People across Iraq protest electricity shortages during Ramadan
ERBIL (Kurdistan 24) - Large demonstrations took place on Friday in several Iraqi cities, including Baghdad, with crowds protesting electricity shortages in the holy month of Ramadan.
Rising temperatures in the country lead to increased air conditioning usage, putting extra strain on the nation's beleaguered power infrastructure. Iraqis observing Ramadan refrain even from drinking water for almost 16 hours per day and are greatly affected by the shutdowns.
Electricity cuts have been frequent in Iraq as the national system is unable to provide the required amount of energy in times of extreme heat, especially in the sweltering central and southern provinces.
For nearly a week, Iraqis have been taking to the streets at night in many cities to protest against repeated electricity cuts.

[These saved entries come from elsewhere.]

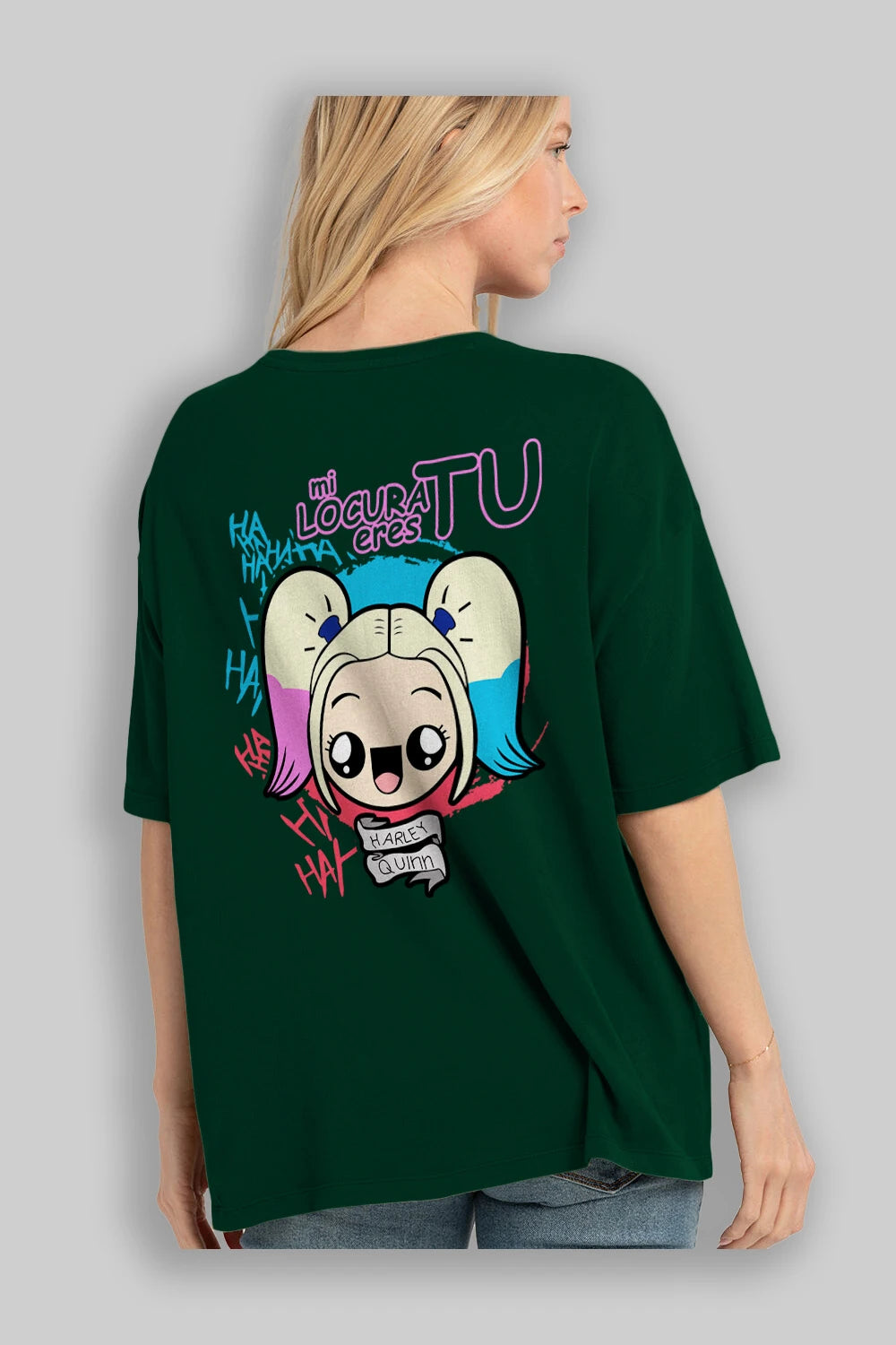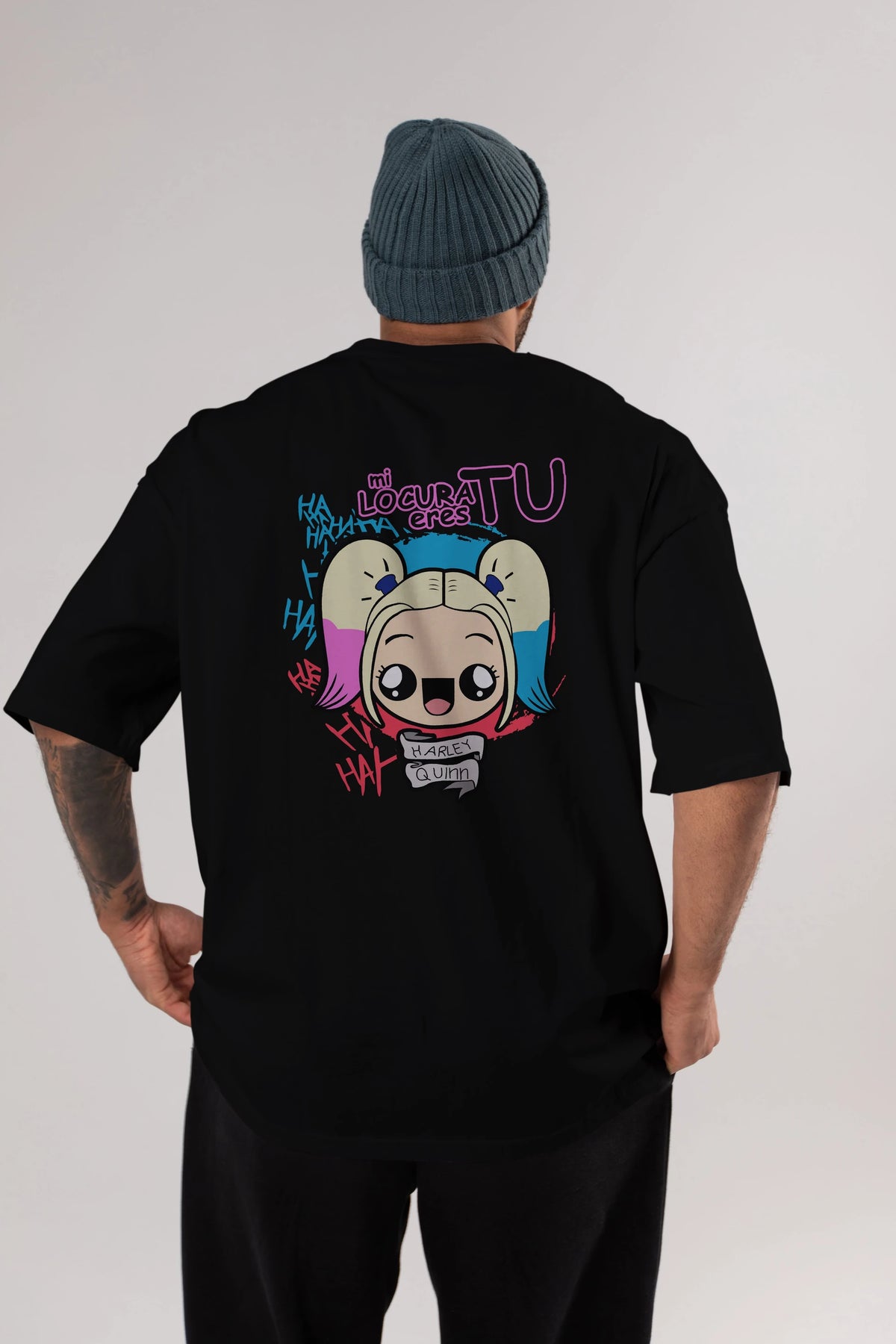Harley Quinn Arka Baskılı Oversize t-shirt Erkek Kadın Unisex %100 Pamuk Bisiklet Yaka tişort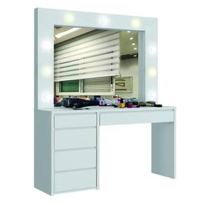 Camarim com Lâmpadas de LED - Berlim-Branco - Mavau Móveis   A Camarim Berlim é o ambiente perfeito para quem quer um cantinho especial para se arrumar diariamente. Além de lindo e possuir um desing moderno, é feito em MDF com o tampo e as laterais em 25mm, o que traz resistência e durabilidade para o seu móvel, lâmpadas bivolt em LED, inclusas, e gavetas com corrediças telescópicas e divisórias internas. Aproveite já esse luxo de camarim!   Faz parte do anúncio: 1 Camarim com Lampadas de LED - Berlim - Mavau Móveis Obs: Objetos decorativos não acompanham o produto.   Particularidades da Penteadeira: Características - Penteadeira MDF - Possui 5 gavetas com corrediças telescópicas - 9 lâmpadas bivolt - Interruptor com tomada embutido - Madeira Ecologicamente Correta - Baseado em conceitos sustentáveis   Dimensões da Penteadeira Altura: 1,84 metros Largura: 1,36 metros Profundidade: 45,8 centímetros   Informações Importantes: - Produtos podem apresentar diferenças de tonalidades entre a foto na tela e o produto real, devido a calibração de cor de tela.  - Limpar com flanela ou pano macio. Não utilizar álcool. Não utilizar produtos abrasivos ou corrosivos. - Nós prezamos pela qualidade da entrega em primeiro lugar, trabalhamos com transportadoras altamente selecionadas e os melhores materiais de embalagem.. -.Todos os produtos vão desmontados, é necessário a montagem por um montador profissional. Não responsabilizamos pela montagem. - Objetos de decoração não incluso. - Certifique-se de que o produto caiba em elevadores e vãos de escadas, não fazemos içamentos ou desmontagens de produtos. Quaisquer despesas deste tipo ficam a cargo do cliente. - Garantia de 3 meses contra defeitos de fabricação.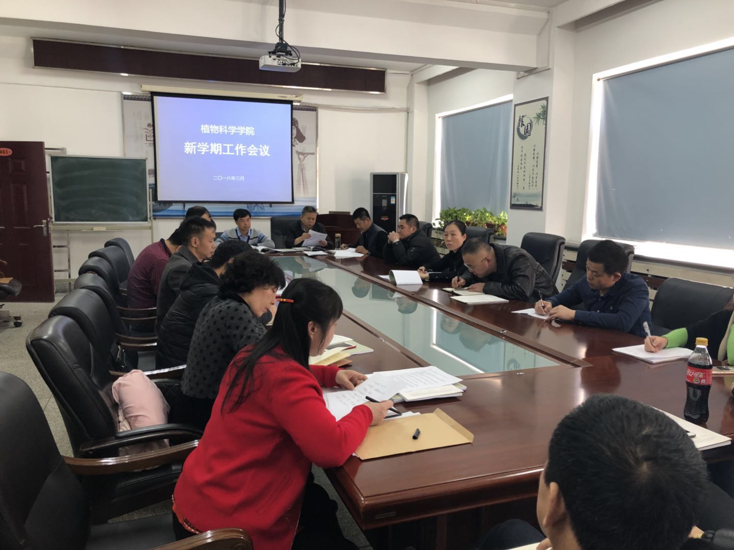 2018年3月5日上午8:30,太阳集团tyc33455于四楼会议室召开党政联席(扩大)会议,研究部署新学期工作,公司领导班子全体成员、各系、室、中心、基地主任参会,会议由都兴林经理主持。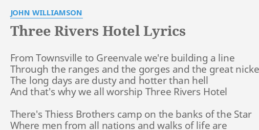1 Three Rivers Hotel Lyrics From Townsville to Greenvale were building a line Through the ranges and the gorges and the great nickel mine The long days are dusty and hotter than hell And thats. And thats why we all worship Three Rivers Hotel Theres Thiess Brothers camp on the banks of the Star Where men from all nations and walks of life are And its funny to listen to the stories they tell Every night round the bar at Three Rivers Hotel And we curse at the things that go wrong through the day.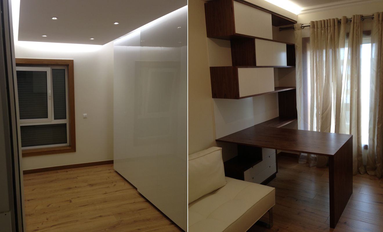 Interior remodeling project, including material selection, for a four-bedroom apartment located in Queijas, Oeiras.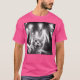 I give wanted to give this a 4 instead of a 5 because these Basic DARK T0shirts run unexpectedly SLIM or Narrow. Which is great if you do not have a potbelly, but I have a paunch. It isn't the shirt's fault that I've got a beer belly. The design and shirt itself is a quality cotton shirt. The color is more of a deep purple, but still a very pretty color. The Basic DARK T-shirts run a bit SLIMMER than the Basic Ts. The neck is a fraction narrower (or seems to be narrower) also. I'm a paunchy middle-aged woman and my neck is 12 inches (31cm) thick and the neckline fell about the same as in the photo of the man, and I had the desire to tug it a bit. So if you're a thick necked man or like loose shirts, be aware these are slimmer shirts. Once I get rid of my lockdown paunch it'll look great. The shirt washed well in cold water with no apparent bleeding. We don't have a dryer, so it hung dry. Did not shrink. Love the colors and the design. The design looks smaller on my shirt than it does on the model on-line. But still, it looks good on the shirt. The printing looks as it does on the model, just the size seems fractionally smaller. Washed garment in cold water, hung dry and design appeared unaffected.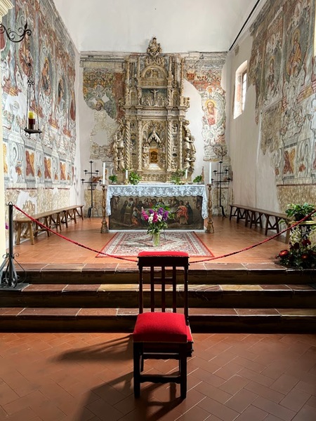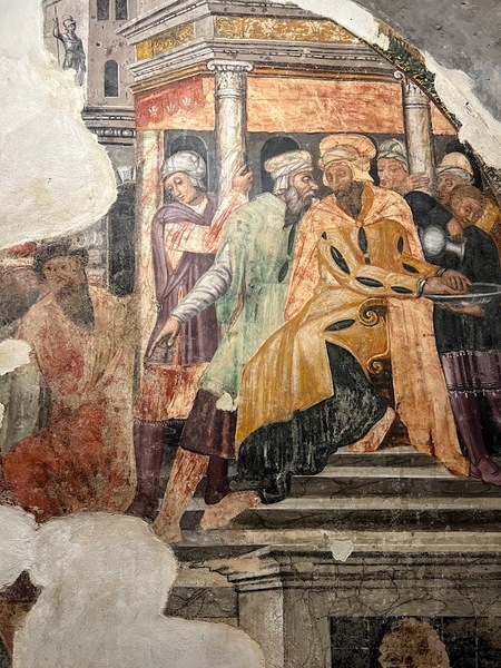 壁画里有些武士形象,根据年代判断,教堂的创建人可能十字军的后裔。

Prominent cities with large numbers of protesters include Najaf and Karbala, both holy cities to Shia Muslims. In the city of Nasiriyah, people protest on almost a daily basis, raising banners condemning rampant corruption and the lack of electricity.
Nearly 15 years after the fall of the Iraqi authoritarian government, basic electricity needs have yet to be met in a country where temperatures reach 50 degrees Celsius in the summer.
As summer temperatures go up each spring, public ire grows and is directed at Iraqi officials, widely seen as unwilling or uninterested in providing needed services, despite billions in oil revenue.
Iraq is the second largest oil producer in the Organization of Petroleum Exporting Countries (OPEC), with Saudi Arabia taking the top position. It has the current capacity to produce about 5 million bpd but now produces 4.45 million bpd as part of OPEC's plan to limit oil supply.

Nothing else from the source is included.